Reputation: 11
I have a 3D-image with dimensions 512*512*512. I have to process all the voxels individually. However, I can't get the right dimensions to get the x, y and z-values to get the pixel.
In my kernel I have:
int x = blockIdx.x * blockDim.x + threadIdx.x;
int y = blockIdx.y * blockDim.y + threadIdx.y;
int z = blockIdx.z * blockDim.z + threadIdx.z;
I am running the program by using:
Kernel<<<dim3(8,8), dim3(8,8,16)>>>();
I chose those because having 64 blocks with each 1024 threads should give me every pixel. However, how do I get the coordinate values when I have those dimensions...
When calling the kernel function I have to set some dimensions that the x, y and z-values actually go from 0 to 511. (This gives me the position of every pixel then). But every combination I try, my kernel either does not run or it runs but the values don't get high enough.
The program should make it possible so that every kernel gets a pixel with (x,y,z) that correspond to that pixel in the image. In most simple way I am trying just to print the coordinates to see if it prints all of them.
Any help?
EDIT:
My properties of my GPU:
Compute capability: 2.0
Name: GeForce GTX 480
My program code just to test it out:
#include <stdio.h>
#include <cuda.h>
#include <stdlib.h>
// Device code
__global__ void Kernel()
{
// Here I should somehow get the x, y and z values for every pixel possible in the 512*512*512 image
int x = blockIdx.x * blockDim.x + threadIdx.x;
int y = blockIdx.y * blockDim.y + threadIdx.y;
int z = blockIdx.z * blockDim.z + threadIdx.z;
printf("Coords: (%i, %i, %i)\n", x, y, z);
}
// Host code
int main(int argc, char** argv) {
Kernel<<<dim3(8, 8), dim3(8,8,16)>>>(); //This invokes the kernel
cudaDeviceSynchronize();
return 0;
}
Upvotes: 1
Views: 1004
Reputation: 152113
To cover a 512x512x512 space with the indexing you have shown (i.e. one thread per voxel) you would need a kernel launch something like this:
Kernel<<<dim3(64,64,64), dim3(8,8,8)>>>();
When I multiply any of the dimensional components:
64*8
I get 512. This gives me a grid of 512 threads in each of 3 dimensions. Your indexing will work with this arrangement as-is to produce one unique thread per voxel.

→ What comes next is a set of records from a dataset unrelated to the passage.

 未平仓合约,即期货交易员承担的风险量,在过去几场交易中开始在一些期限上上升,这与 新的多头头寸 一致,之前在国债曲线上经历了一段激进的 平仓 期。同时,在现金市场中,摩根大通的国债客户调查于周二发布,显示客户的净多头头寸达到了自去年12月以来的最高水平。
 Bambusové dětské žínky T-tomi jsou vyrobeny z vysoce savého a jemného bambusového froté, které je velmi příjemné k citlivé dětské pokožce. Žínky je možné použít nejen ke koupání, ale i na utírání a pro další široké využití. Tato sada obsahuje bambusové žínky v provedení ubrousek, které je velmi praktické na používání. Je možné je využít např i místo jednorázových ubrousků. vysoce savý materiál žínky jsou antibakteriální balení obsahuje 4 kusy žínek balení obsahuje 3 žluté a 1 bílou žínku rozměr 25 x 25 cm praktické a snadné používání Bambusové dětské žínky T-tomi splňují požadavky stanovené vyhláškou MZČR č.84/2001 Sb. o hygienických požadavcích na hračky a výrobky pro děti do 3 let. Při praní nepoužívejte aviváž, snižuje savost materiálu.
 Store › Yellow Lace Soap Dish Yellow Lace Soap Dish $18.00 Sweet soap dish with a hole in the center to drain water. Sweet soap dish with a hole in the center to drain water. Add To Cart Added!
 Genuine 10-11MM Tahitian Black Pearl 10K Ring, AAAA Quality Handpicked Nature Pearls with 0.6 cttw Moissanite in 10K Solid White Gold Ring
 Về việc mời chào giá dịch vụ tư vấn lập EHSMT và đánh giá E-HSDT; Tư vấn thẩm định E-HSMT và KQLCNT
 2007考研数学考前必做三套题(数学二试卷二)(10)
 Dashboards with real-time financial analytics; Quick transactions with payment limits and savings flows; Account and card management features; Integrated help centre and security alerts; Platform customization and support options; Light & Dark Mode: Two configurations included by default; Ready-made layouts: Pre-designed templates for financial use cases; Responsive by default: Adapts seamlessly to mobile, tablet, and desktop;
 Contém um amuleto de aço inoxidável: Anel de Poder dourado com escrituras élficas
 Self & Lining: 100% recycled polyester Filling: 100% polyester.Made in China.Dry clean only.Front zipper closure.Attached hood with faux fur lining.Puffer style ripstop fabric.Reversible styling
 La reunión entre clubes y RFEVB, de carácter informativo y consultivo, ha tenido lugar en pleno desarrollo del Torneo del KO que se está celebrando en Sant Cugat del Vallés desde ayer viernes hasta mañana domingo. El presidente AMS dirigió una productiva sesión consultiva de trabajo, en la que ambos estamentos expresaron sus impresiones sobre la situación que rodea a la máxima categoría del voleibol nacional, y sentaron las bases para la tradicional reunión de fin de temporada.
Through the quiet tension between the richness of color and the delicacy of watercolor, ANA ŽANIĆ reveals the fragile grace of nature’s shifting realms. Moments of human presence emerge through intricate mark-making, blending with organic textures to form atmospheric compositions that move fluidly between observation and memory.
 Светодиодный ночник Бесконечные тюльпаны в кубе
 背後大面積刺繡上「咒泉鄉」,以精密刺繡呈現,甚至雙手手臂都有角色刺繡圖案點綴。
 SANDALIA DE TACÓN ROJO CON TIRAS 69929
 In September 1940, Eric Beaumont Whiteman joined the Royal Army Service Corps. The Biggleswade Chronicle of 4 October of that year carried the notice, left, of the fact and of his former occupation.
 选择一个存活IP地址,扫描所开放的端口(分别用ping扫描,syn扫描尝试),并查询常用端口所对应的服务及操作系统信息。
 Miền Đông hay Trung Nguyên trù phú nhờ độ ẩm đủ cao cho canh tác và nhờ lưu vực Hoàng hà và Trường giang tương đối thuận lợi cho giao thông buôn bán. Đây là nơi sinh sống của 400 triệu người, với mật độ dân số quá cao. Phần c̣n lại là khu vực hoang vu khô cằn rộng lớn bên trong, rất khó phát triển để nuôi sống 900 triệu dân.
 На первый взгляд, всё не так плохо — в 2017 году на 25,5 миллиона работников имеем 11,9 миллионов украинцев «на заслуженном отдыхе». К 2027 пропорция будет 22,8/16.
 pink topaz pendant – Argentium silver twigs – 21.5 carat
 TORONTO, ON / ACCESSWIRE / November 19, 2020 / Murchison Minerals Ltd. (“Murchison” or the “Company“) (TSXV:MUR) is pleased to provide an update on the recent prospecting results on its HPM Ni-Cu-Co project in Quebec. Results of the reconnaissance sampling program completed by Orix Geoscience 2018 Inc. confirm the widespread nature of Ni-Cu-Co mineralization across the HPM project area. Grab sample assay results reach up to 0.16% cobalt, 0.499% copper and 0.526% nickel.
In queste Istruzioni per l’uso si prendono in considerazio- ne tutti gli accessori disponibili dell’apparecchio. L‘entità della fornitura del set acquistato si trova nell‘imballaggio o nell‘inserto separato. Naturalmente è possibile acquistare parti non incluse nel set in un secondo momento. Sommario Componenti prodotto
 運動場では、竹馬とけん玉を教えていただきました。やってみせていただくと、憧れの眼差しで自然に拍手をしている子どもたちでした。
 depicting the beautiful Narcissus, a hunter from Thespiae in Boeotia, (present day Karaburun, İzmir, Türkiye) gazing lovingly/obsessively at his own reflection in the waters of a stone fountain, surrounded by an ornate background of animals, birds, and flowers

The above assumes a cc2.0 or higher device (your mention of 1024 threads per block suggests that you have a cc2.0+ device), which permits 3D grids. If you have a cc1.x device, you will need to modify your indexing.
In that case, you might want something like this:
int x = blockIdx.x * blockDim.x + threadIdx.x;
int y = (blockIdx.y%64) * blockDim.y + threadIdx.y;
int z = (blockIdx.y/64) * blockDim.z + threadIdx.z;
along with a kernel launch like this:
Kernel<<<dim3(64,4096), dim3(8,8,8)>>>();
Here's a fully worked example (cc2.0), based on the code you have now shown:
$ cat t604.cu
#include <stdio.h>
#define cudaCheckErrors(msg) \
do { \
cudaError_t __err = cudaGetLastError(); \
if (__err != cudaSuccess) { \
fprintf(stderr, "Fatal error: %s (%s at %s:%d)\n", \
msg, cudaGetErrorString(__err), \
__FILE__, __LINE__); \
fprintf(stderr, "*** FAILED - ABORTING\n"); \
exit(1); \
} \
} while (0)
// Device code
__global__ void Kernel()
{
// Here I should somehow get the x, y and z values for every pixel possible in the 512*512*512 image
int x = blockIdx.x * blockDim.x + threadIdx.x;
int y = blockIdx.y * blockDim.y + threadIdx.y;
int z = blockIdx.z * blockDim.z + threadIdx.z;
if ((x==511)&&(y==511)&&(z==511)) printf("Coords: (%i, %i, %i)\n", x, y, z);
}
// Host code
int main(int argc, char** argv) {
cudaFree(0);
cudaCheckErrors("CUDA is not working correctly");
Kernel<<<dim3(64, 64, 64), dim3(8,8,8)>>>(); //This invokes the kernel
cudaDeviceSynchronize();
cudaCheckErrors("kernel fail");
return 0;
}
$ nvcc -arch=sm_20 -o t604 t604.cu
$ cuda-memcheck ./t604
========= CUDA-MEMCHECK
Coords: (511, 511, 511)
========= ERROR SUMMARY: 0 errors
$
Note that I have elected to only print out one line. I did not want to wade through 512x512x512 lines of printout, it would take a very long time to run, and in-kernel printf is limited in output volume anyway.
Upvotes: 4